На другой день после работы он сразу же поехал в родной дом на Сокол, в котором не был месяц уже после ссоры с родителями и бабушкой, и страшно соскучился. Своим внезапным приездом он несказанно обрадовал всех, всполошил, взбодрил, прослезиться даже заставил - но лишь на короткий миг, пока молча сидел на кухне и ужинал, последние новости слушал; или когда потом про себя сквозь зубы за чаем рассказывал, и только самые пустяки.
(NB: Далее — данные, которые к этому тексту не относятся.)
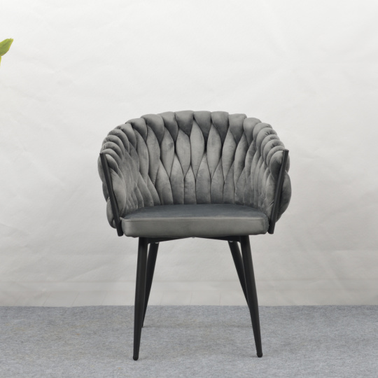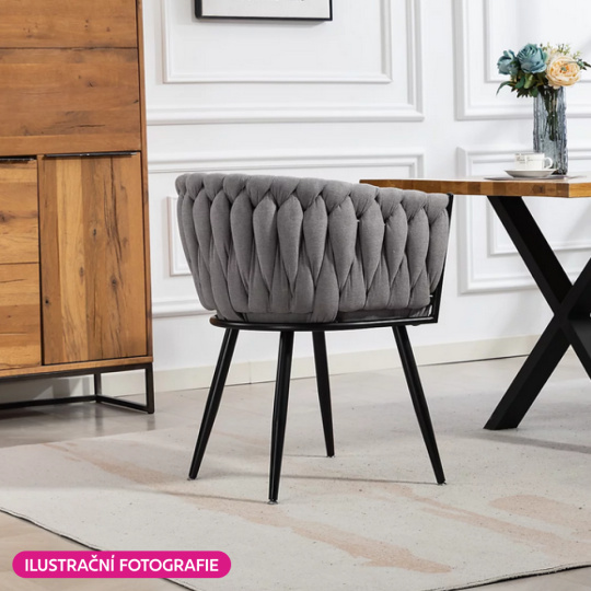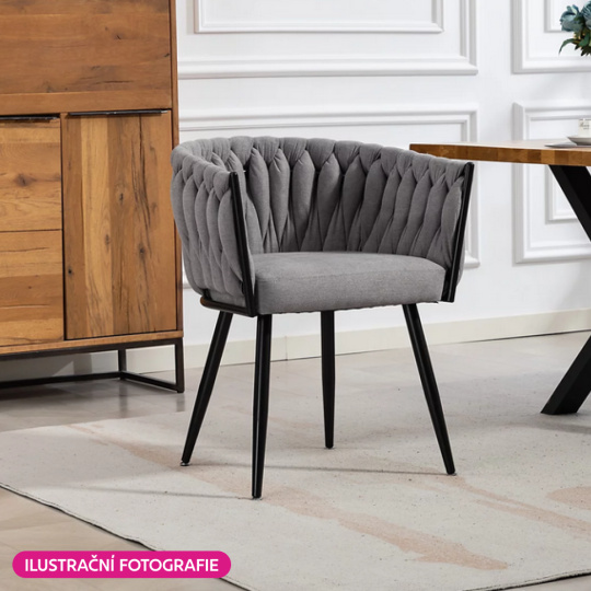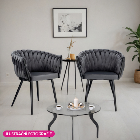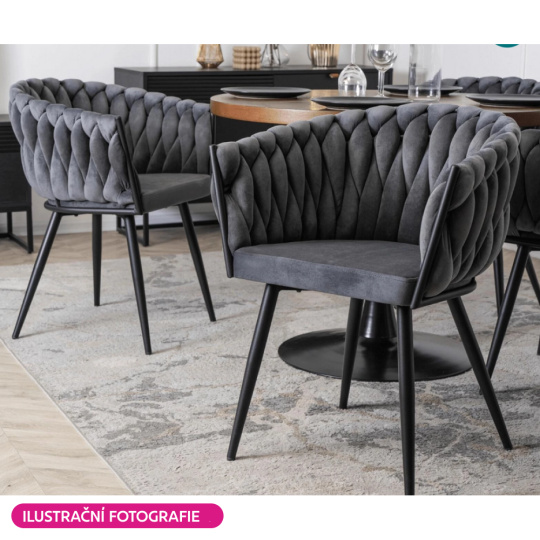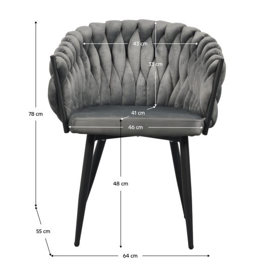 Materiál: látka Velvet/kov Oděruodolnost textilie podle testu Martindale: 80 000 oděrů Barva: tmavě šedá/černá Rozměry (ŠxHxV): 64x55x78 cm Výška sedu: 48 cm Hloubka sedu: 41 cm Šířka sedu: 46 cm Šířka zádové opěrky: 43 cm Výška zádové opěrky: 33 cm Nosnost: 100 kg Kovová konstrukce Designové Netradiční prošívání Dodáváno v demontu

Но когда он, наевшийся и напившийся, взбодрился и осмелел, и только лишь заикнулся про истинную цель визита - про слёзную просьбу супруги к себе её прописать, временно как бы, на очень короткий период, до покупки собственного жилья, - домочадцы как ошпаренные повскакали с мест, побагровели, взревели, взорвались как по команде. И дружно набросились на него опять всем скопом, как и месяц назад обзывая блудного сына и внука всякими нехорошими словами и кличками, среди которых “дятел”, “идиот” и “кретин” были самыми мягкими и безобидными.
Особенно сильно и на этот раз кричала и бесилась бабушка, Алла Константиновна, прожившая долгую, трудную, голодную и холодную жизнь, в прямом смысле этого слова, и многое в жизни той горя и слёз повидавшая. Жалевшая любимого внука очень, которого она вырастила и воспитала фактически, пока дочка с зятем работали от звонка до звонка, с первых дней и шагов от беды и напастей со всей силой и страстью оберегала, от шпаны уличной. И потому-то, почуявши большую опасность ему и семье, не стеснявшаяся в выражениях на правах старшей и многоопытной.
- Я так и знала, что этим всё дело кончится - банальной пропиской, после которой её отсюда и палкой не выгонишь, наглючую Лильку твою, хищницу провинциальную, первостатейную! - голосила бабушка на всю кухню отчаянно, зло и не по-стариковски грозно и страшно, покрываясь багровыми пятнами на лице и шее от подскочившего вмиг давления. - С еврейкой под одной крышей жить, старость и смерть встречать - да такого “счастья” и лютому врагу не пожелаешь! Потому что, прописавшись, она уже будет в этой квартире хозяйкой - не мы: это же и дураку ясно. И такую нам тут жизнь устроит - не приведи Господи! Волком взвоем! Она нас всех со свету сживёт через месяц, другой, когда тут освоится и корни пустит, с потрохами проглотит и не подавится, сучка драная и похотливая! Да я её, эту двуличную гадину, жидовку одесскую, хитрожопую, и мёртвая не пропишу, запомни это, Андрей, не дам ей здесь покомандовать и покуражиться! С того света вас всех прокляну, если вы это после меня сделать посмеете! А пока живая ещё и хозяйка - чёрта лысого она от меня получит, тварь, кукиш с маслом, дулю!...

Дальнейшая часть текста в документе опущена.